Natural causes are properly represented by nondeterministic functions (stochastic processes). Just what these are in precise mathematical terms is not important. The important thing is that functions map one set of items to another set of items and in doing so map a given item to one and only one other item. Thus for a natural cause to “generate” CSI would mean for a function to map some item to an item that exhibits CSI. But that means the complexity and specification in the item that got mapped onto gets pushed back to the item that got mapped. In other words, natural causes just push the CSI problem from the effect back to the cause, which now in turn needs to be explained.
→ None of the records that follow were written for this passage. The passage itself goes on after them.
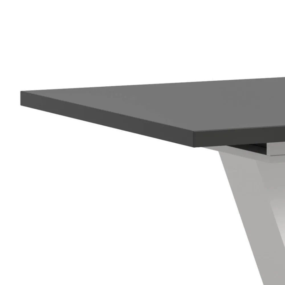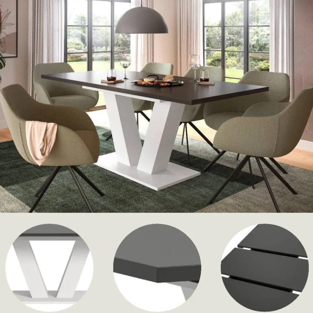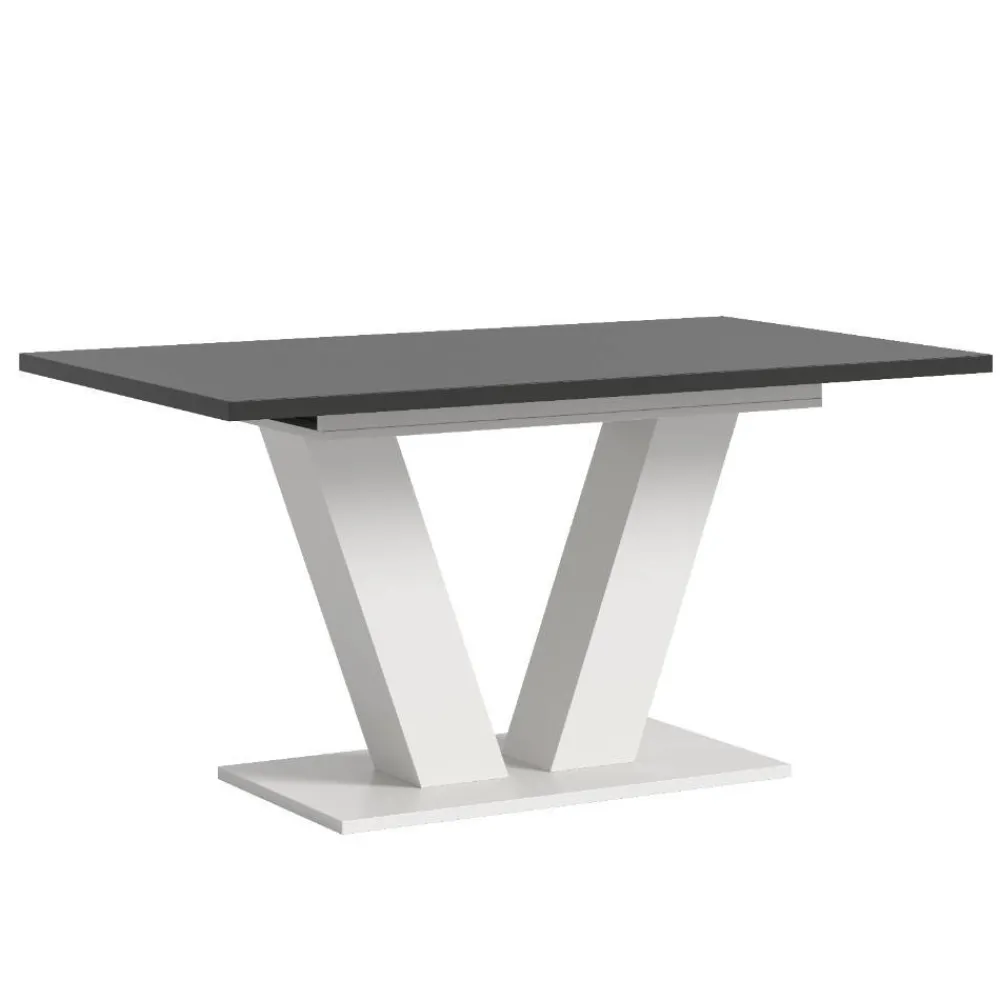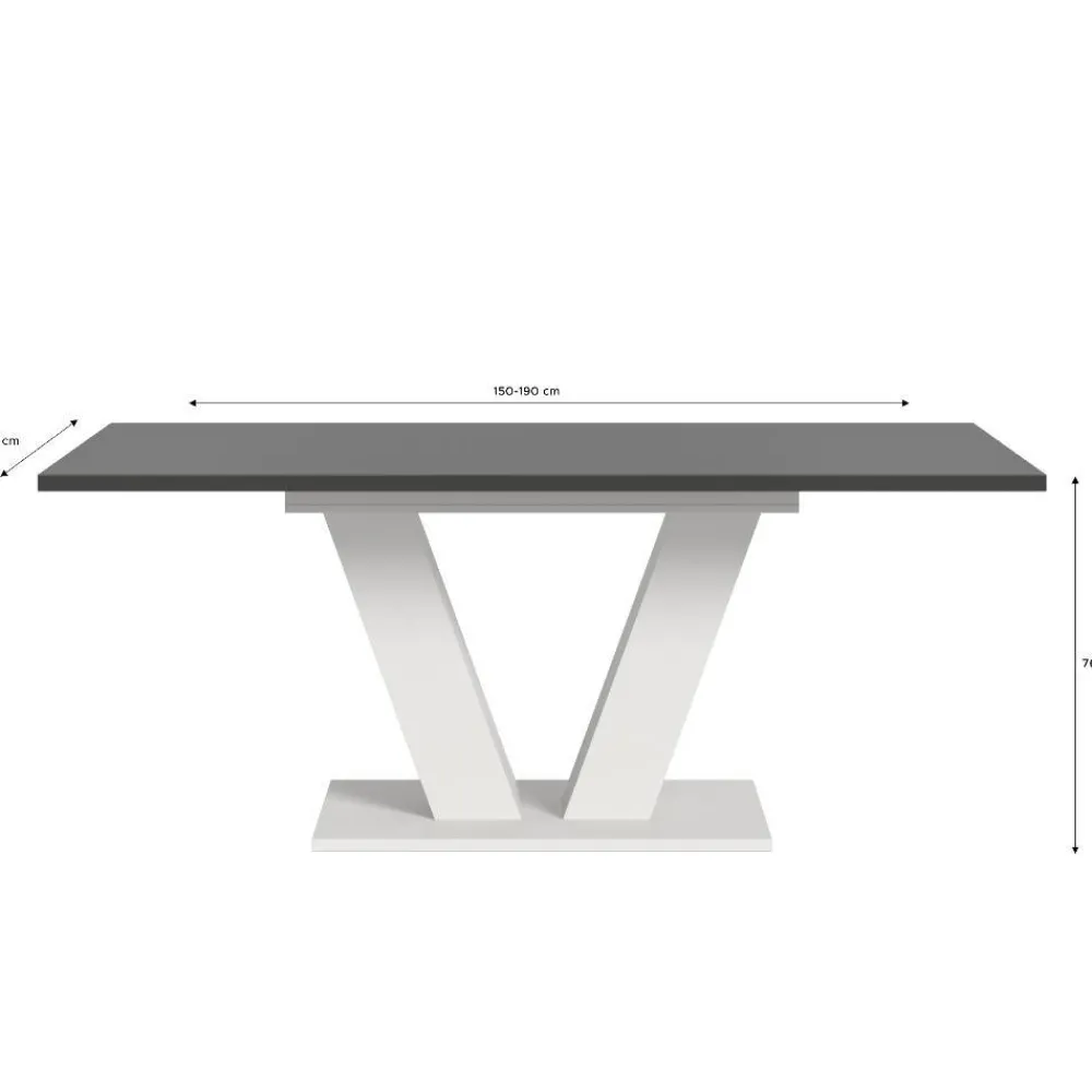 - Weißes Gestell in V-Form mit breiter Bodenplatte
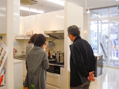 今回、水まわり設備を刷新するため、インテリアコーディネーターがショールームにご一緒しました。 お風呂やキッチンは、ショールームで実際に見た方が、実際の使い勝手もわかりやすいものです。 ショールームのスタッフに詳しく説明してもらい、F様のご希望に合う設備に決まりました。
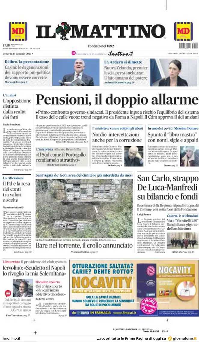 Sono tanti gli spunti che arrivano dalla prima pagina de Il Mattino. Il noto quotidiano si sofferma su alcuni degli argomenti più caldi del momento. Ecco alcuni titoli dell'ultima edizione: "Iervolino: Scudetto al Napoli, io rivoglio la mia Salernitana. Osimhen leader azzurro: fin dall'inizio obiettivo tricolore", si legge in merito allo sport.

Suppose j is an event with CSI, i is a prior event, and f is the natural function. Dembski holds that i has just as much CSI as j, because a deterministic f is merely a conduit that maps any CSI in i to j. (It’s unclear to me why f is deterministic rather than stochastic.) But why can’t it be f that adds information? Dembski explains (in a roundabout way, using more math) that the information in f itself needs to be explained. If my interpretation is right, Dembksi is saying that if there are only (mindless) natural causes, then all the information is in the initial conditions of the universe; therefore, it’s a priori true that there can’t be a (mindless) natural explanation for CSI. On this interpretation, his argument is a hidden fine-tuning argument.
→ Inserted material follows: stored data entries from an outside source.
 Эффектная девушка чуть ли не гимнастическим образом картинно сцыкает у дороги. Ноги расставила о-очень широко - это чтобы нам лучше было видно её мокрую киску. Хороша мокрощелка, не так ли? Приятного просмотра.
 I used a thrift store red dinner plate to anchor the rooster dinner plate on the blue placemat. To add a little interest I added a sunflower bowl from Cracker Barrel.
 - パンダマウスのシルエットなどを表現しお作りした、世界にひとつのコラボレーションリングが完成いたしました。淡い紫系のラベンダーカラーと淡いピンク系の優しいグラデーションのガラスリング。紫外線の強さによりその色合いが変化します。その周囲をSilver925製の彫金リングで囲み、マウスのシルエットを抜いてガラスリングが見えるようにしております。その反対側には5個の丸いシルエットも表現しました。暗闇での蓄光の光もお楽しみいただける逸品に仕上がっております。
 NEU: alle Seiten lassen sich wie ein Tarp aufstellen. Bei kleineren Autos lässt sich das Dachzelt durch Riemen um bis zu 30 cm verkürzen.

On a final note, here are two amusing quotes by Dembski. The first is a rebuttal to the claim that we already have natural examples of CSI (whatever CSI means now) in nylonase—the nylon eating bacteria.
The problem with this argument is that Miller fails to show that the construction/evolution of nylonase from its precursor actually requires CSI at all. As I develop the concept, CSI requires a certain threshold of complexity to be achieved (500 bits, as I argue in my book No Free Lunch). It’s not at all clear that this threshold is achieved here (certainly Miller doesn’t compute the relevant numbers). … the nylonase enzyme seems “pre-designed”.
It’s funny that Dembski mentions that Miller hasn’t computed the numbers for the probability of the existence of nylonase, as if it was feasible. I don’t see how such a computation wouldn’t be ridiculous hand-waving. And, as far as I know, Dembski hasn’t computed the numbers for nylonase either. (500 bits corresponds to a 1/10^150 chance.) In any case, what’s the point of computing the numbers when it’s supposed to be a priori true that natural causes can’t generate CSI.
This second quote displays his amazing confidence.
CSI is what all the fuss over information has been about in recent years, not just in biology, but in science generally. It is CSI that for Manfred Eigen constitutes the great mystery of biology, and one he hopes eventually to unravel in terms of algorithms and natural laws. It is CSI that for cosmologists underlies the fine-tuning of the universe, and which the various anthropic principles attempt to understand. It is CSI that David Bohm’s quantum potentials are extracting when they scour the microworld for what Bohm calls “active information.” It is CSI that enables Maxwell’s demon to outsmart a thermodynamic system tending toward thermal equilibrium. It is CSI on which David Chalmers hopes to base a comprehensive theory of human consciousness. It is CSI that within the Kolmogorov-Chaitin theory of algorithmic information takes the form of highly compressible, nonrandom strings of digits.
Dembski, William. No Free Lunch: Why Specified Complexity Cannot Be Purchased Without Intelligence.
Perakh, Mark. The Dream World of William Dembski’s Creationism.
Pennock, Robert. Intelligent Design Creationism and Its Critics.